По другую сторону от моста о чемпионате не слышали: вместо газона – бетонные плиты, вместо клумб – кустарник. Ни одного тебе бара – продуктовый магазин образца девяностых, выставка котлов и мягкая мебель от производителя. Этот участок набережной и набережной-то стеснялись называть – на табличках значилось: «ул. Черниговская».
Мы передумали идти к мукомольному, сели на лестнице, ведущей к одному из причалов. Рядом с заводом почти не осталось фонарей, а за башней элеватора начинался метромост, с которого на набережную летело всевозможное дерьмо, – о шуме и выхлопной вони и говорить нечего. Тем более бетон – гарантированный цистит, а лестница деревянная. В общем, открыли вино, Серёжа спросил про мои книжки. Я уже захмелел, стал рассказывать про повесть, которую печатают в журнале, про прием в сербском посольстве, где какая-то поэтка утверждала, что буквы – ее верные солдатики, про то, как Битов хвалил мои рассказы. Про Битова было не совсем правдой – Битов хвалил рассказы моего товарища двенадцать лет назад, – но Серёже было непринципиально.
– Я твою повесть так и не прочитал, – сказал он. – Я, честно говоря, не помню, когда последний раз читал. «Питчфорк» не считается.

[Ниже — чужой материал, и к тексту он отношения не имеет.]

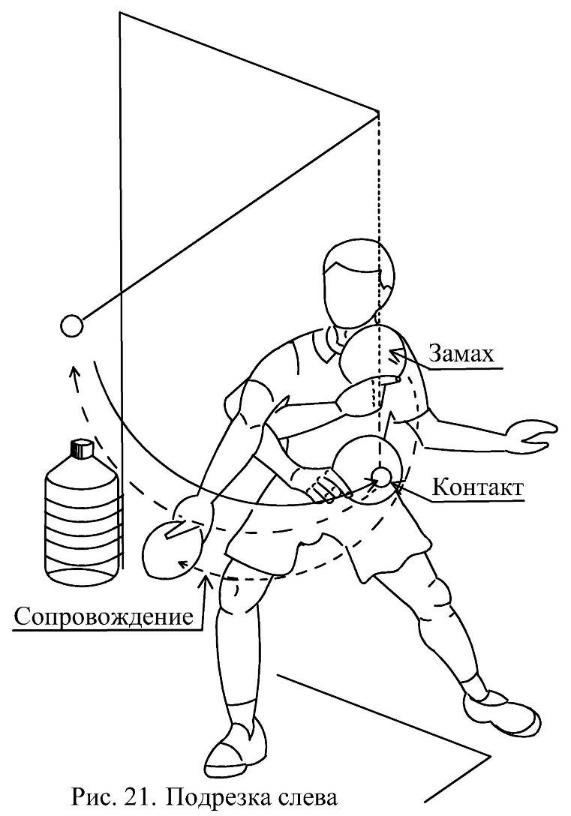 Подрезкой слева принимаются мячи, приходящие левее средней линии стола.
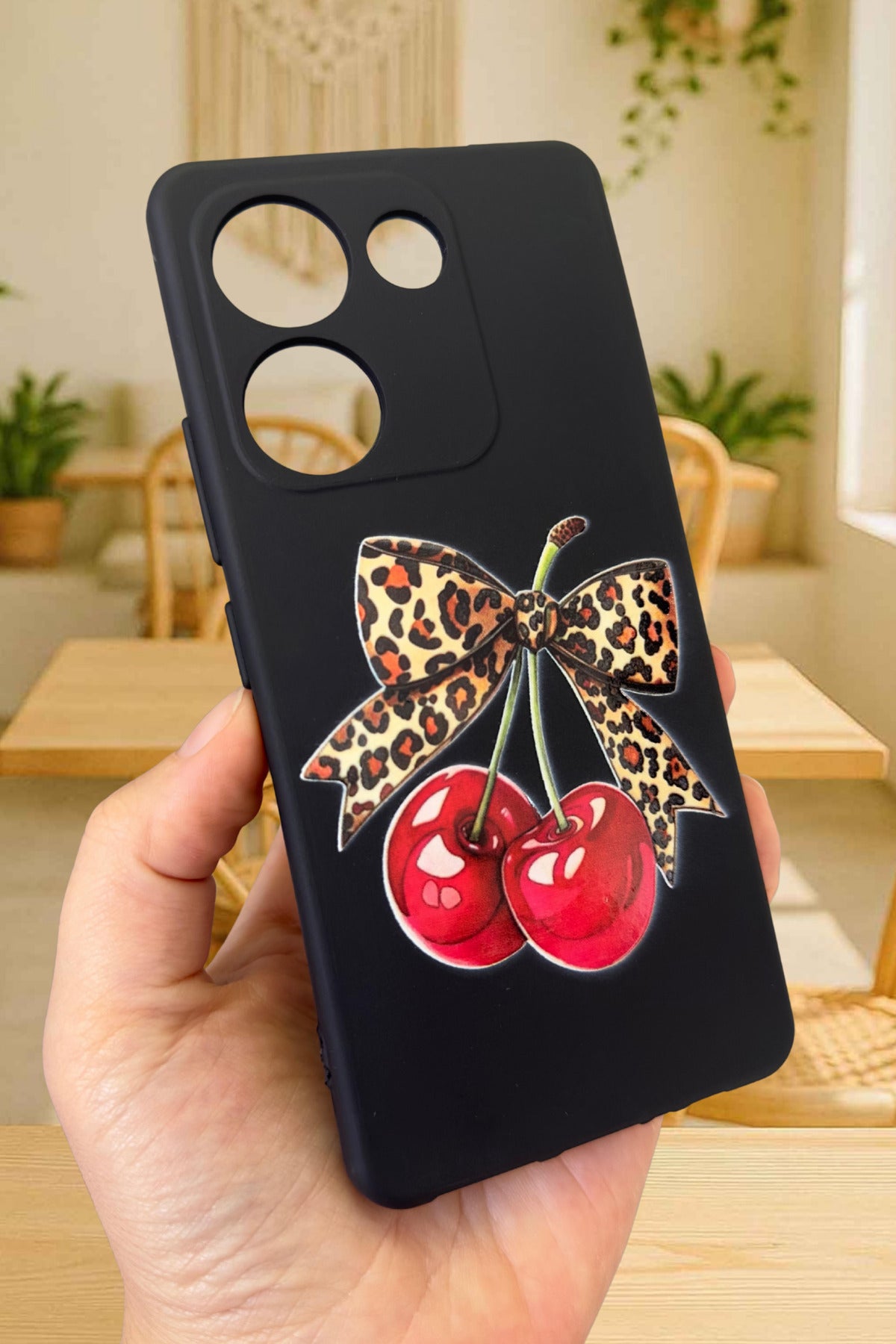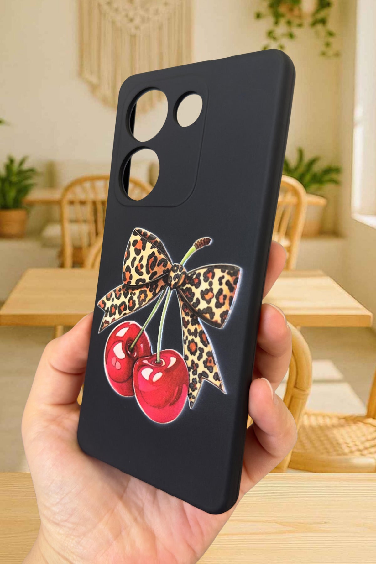 TECNO CAMON 20 PRO Uyumlu Kiraz Leopar Fiyonk Desenli Silikon Darbe Emici Rubber Kılıf
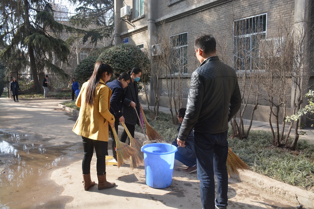 研究生主动承担了西1学生宿舍楼的卫生清理工作,学生处刘轩麟老师及物业处老师在现场指导大家工作。活动开始,同学们分工协作,大家对1层至4层的死角和污渍进行了认真细心的清理,并且清理了平时很难打扫的绿化带草坪。各个部门人员按照被分配的区域认真清扫,活动有条不紊的进行着。打扫期间大家将自己对校庆的期待注入行动中,认真打扫校园的每一个角落。在随后对绿化带的清理过程中,同学们积极出谋划策,想方设法,虽然尘土飞扬,但依旧保质保量的完成了绿化带的清理任务,对此,学生处老师及物业处老师赞不绝口。同时,同学们也十分感谢学工组耿嘉敏老师为大家准备的防尘口罩。
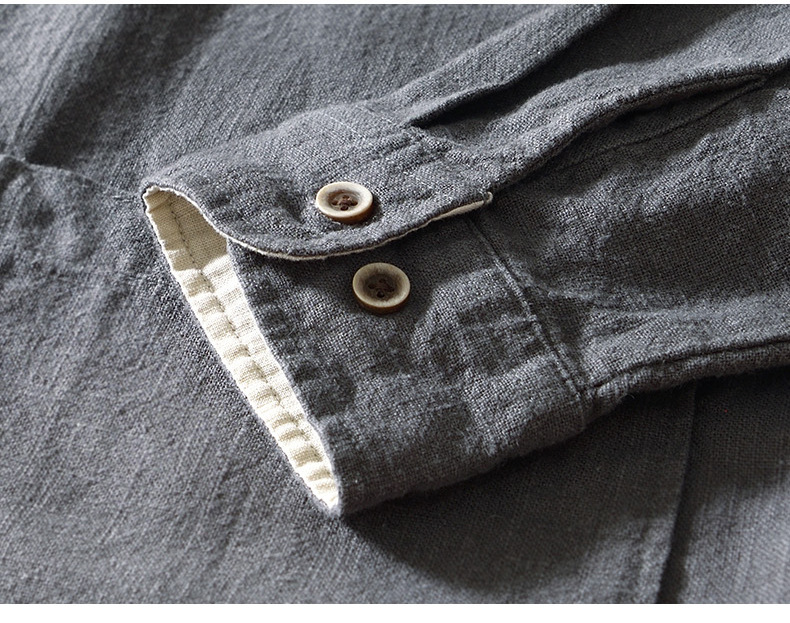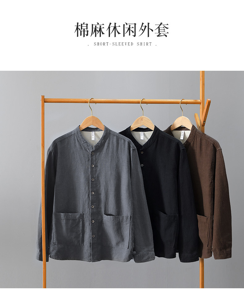 L083 중국 스탠드 칼라 라미 긴 소매 셔츠 통기성 린넨 캐주얼 중국 스타일 셔츠 남성 머리카락의 세대스토어 가기
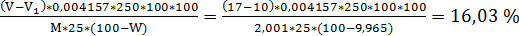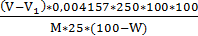 Влажность сырья (X) в процентах вычисляют по формуле:
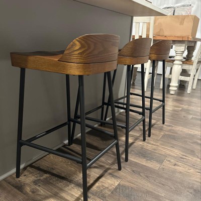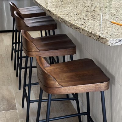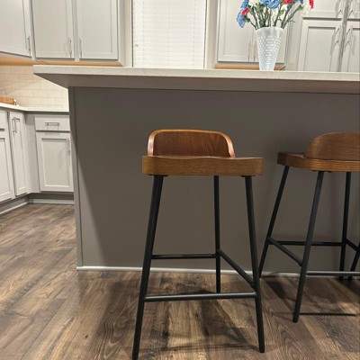 Discover a harmonious blend of functionality and style with our low-back bar stool. It's meticulously crafted from wood that resists cracking, underpinned by a rustproof metal frame fortified with strong metal connectors and anti-slip foot pads to enhance stability and durability. This stool features an ergonomic design for ultimate comfort. The thick 2" padded seat, curved for better body support, coupled with a gentle rounded-edge backrest, promotes a comfortable seating posture conducive to relaxation and ease. For added convenience, this bar stool includes a well-positioned footrest to encourage a relaxed seating position. Elevate your surroundings with this stylish yet functional bar stool.
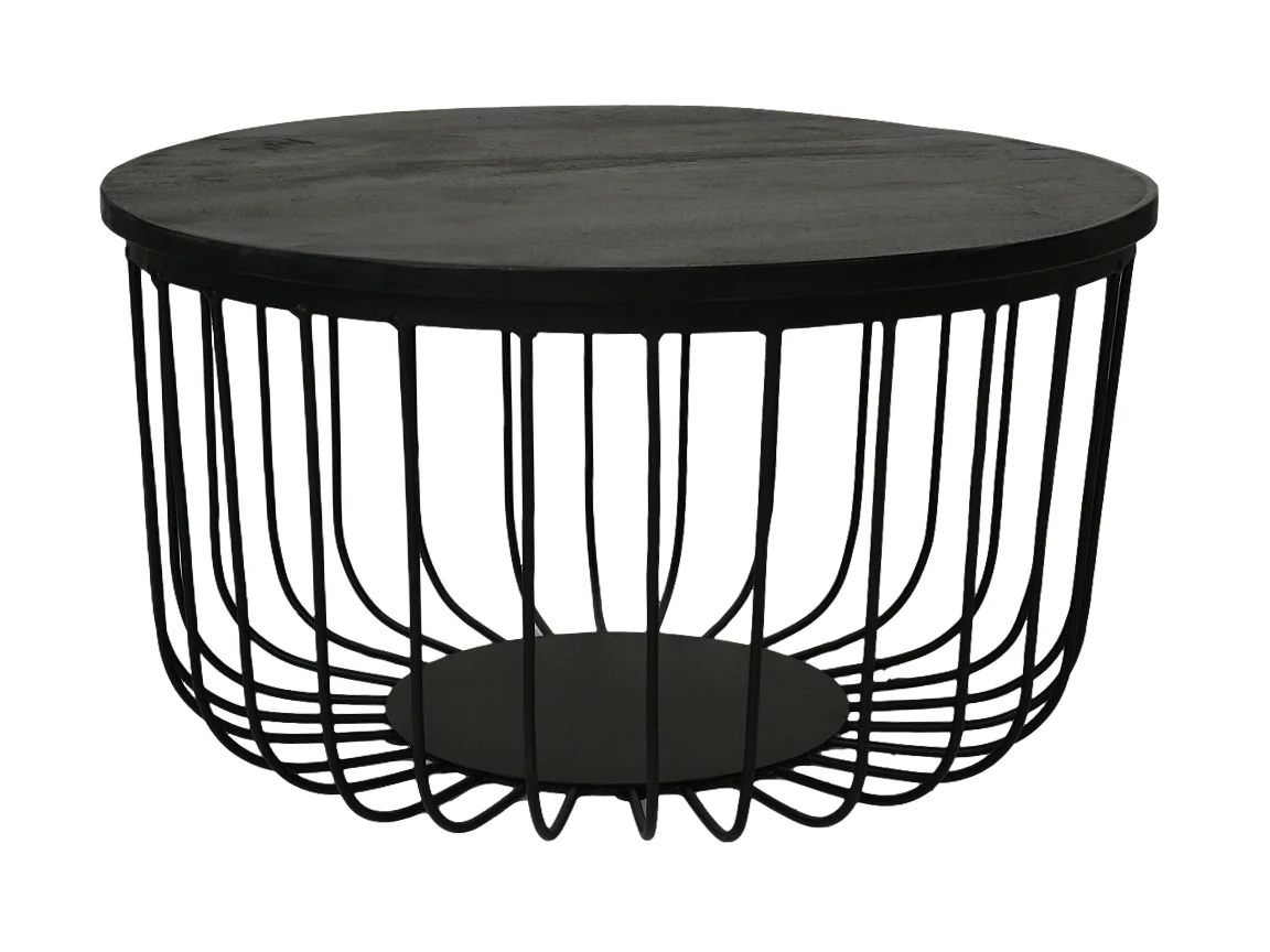 Maden - Set de 2 tables basses - Bois de manguier/fer - Noir - ø60x33/ø45x30cm
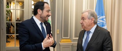 Τα επόμενα βήματα στο Κυπριακό συζητήθηκαν κατά τη συνάντηση που είχαν το βράδυ της Τετάρτης, στις Βρυξέλλες ο ΓΓ του ΟΗΕ Αντόνιο Γκουτέρες και ο Πρόεδρος της Δημοκρατίας Νίκος Χριστοδουλίδης, σύμφωνα με τον ΟΗΕ. Ανακοίνωση των Ηνωμένων Εθνών αναφέρει ότι «ο ΓΓ του διεθνούς οργανισμού Αντόνιο Γκουτέρες συναντήθηκε στις Βρυξέλλες με τον Πρόεδρο της Κυπριακής Δημοκρατίας και ηγέτη της ελληνοκυπριακής κοινότητας Νίκο Χριστοδουλίδη». «Κατά τη συνάντηση συζητήθηκε η πορεία των επόμενων βημάτων στο Κυπριακό, καθώς και η κατάσταση στη Mέση Ανατολή» προστίθεται. Πηγή: ΚΥΠΕ ΔΙΑΒΑΣΤΕ ΕΔΩ: Έχει πλάνο για το Κυπριακό ο Γκουτέρες-Βούληση για πρόοδο πριν από τη λήξη της θητείας του και μεθοδολογία προεργασίας για άτυπη διευρυμένη

– Ну и бог с ней, с повестью.
– О чем хоть?
Я стал рассказывать – в таком духе, будто читать действительно незачем: этот приехал, та зачем-то уезжает, оба неприятные – фу. Потом перескочил в конец, где герой спускает случайной девочке на лицо и тут же бьет ее. Серёжа подавился полосатиком, закашлял, схватился за вино. Сделав глоток, сказал:
– Ты прости, я недавно поймал себя на мысли, что жду от книги одного – чтобы она меня развлекала. Я это сначала про сериалы понял: вот все с ума сошли – с какой, блядь, стати Санса казнила Мизинца? А мне посрать: я беру пиво, сажусь на диван – и в ближайшие пятьдесят минут не задам ни вопроса. Главное – чтоб развлекали, главное – охуеть, когда Мизинцу кинжалом в горло прилетит, – такой я ленивый зритель.
– И с книгами то же?
– И с книгами. Помню, как в третьем классе читал «Кубок огня». Ночь не спал, прогулял два дня в школе – так было интересно. Наверное, главная моя детская книжка. Год назад откопал ее в Коврове: бессвязная, куча бесполезных персонажей, еще и перевод глаза режет – а все равно не оторваться. Вот почему так?
– Ну, пиздатая Роулинг, кто ж спорит.
– Ну и напиши так же. Хер с персонажами, с твоим стилистическим дрочевом – хер со всем. Главное – увлекательно, слышишь? Никому не хочется трудиться: у всех кредиты и жена, которую понять не легче, чем Сансу с Мизинцем. Все, сука, стали ленивыми.
– Похоже на то.
– Но можно ведь увлекательно.
– Можно и увлекательно.
Серёжа посмотрел на меня, подумал.
– Ладно, забудь, – сказал наконец, – пиши как пишешь. У тебя вон журналы, посольства, а я читать разучился – и всё тут.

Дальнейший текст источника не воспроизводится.